Queer Spaces is a 2022 anthology book edited by Adam Nathaniel Furman and Joshua Mardell. It was published by RIBA.

==Contents==
The book is a global survey chosen by writers, activists, film-makers, artists, researchers and urban geographers that meet their definition of a queer space. The foreword is written by Olivia Laing.

==Reception==
Reviewing the book for The Guardian, critic Rowan Moore concluded that the book was " ... generous in range and rich in creativity. It doesn't try to draw conclusions, just to offer examples of what Furman calls "spaces where you can act freely in a manner that is truly consonant with your inner self". Which, really, is a fair definition of what all architecture should achieve". Moore felt that the book acknowledged its relationship to the 1997 book Queer Space by Aaron Betsky and that the newer book was "looser and broader" with a wider definition of queer. Moore identified themes of interiority "to create inner worlds protected from external aggression and misunderstanding", "ingenuity and subversion" and "a free and transgressive attitude to the conventions of architecture and construction" as prevalent in the creation of queer spaces.

Max L Zarzycki reviewed the book in a joint review with Wild Things: the Disorder of Desire by Jack Halberstam in the Architectural Review.
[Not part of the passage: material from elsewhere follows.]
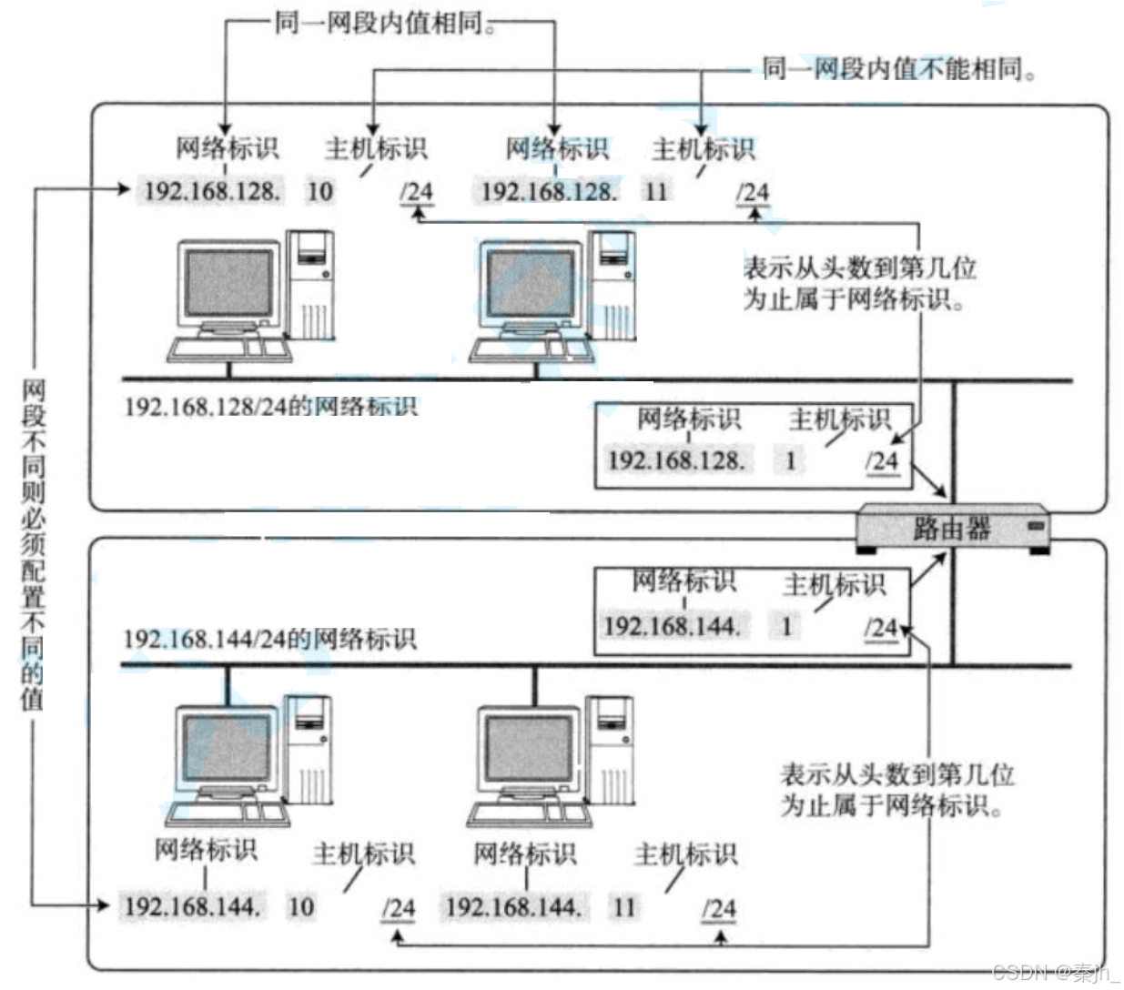 通过合理设置主机号和网络号, 就可以保证在相互连接的网络中, 每台主机的IP地址都不相同.

Zarzycki described it as "a constellation of spaces both existing and past, that have been adopted or appropriated by queer communities as venues for the production of more radical ways of being and becoming". The spaces chosen highlight the "tense negotiations" with "visibility and legibility" with traditional places of power and "myriad resistances".

E.B. Boatner in Lavender magazine described it as a "volume to keep close and savor".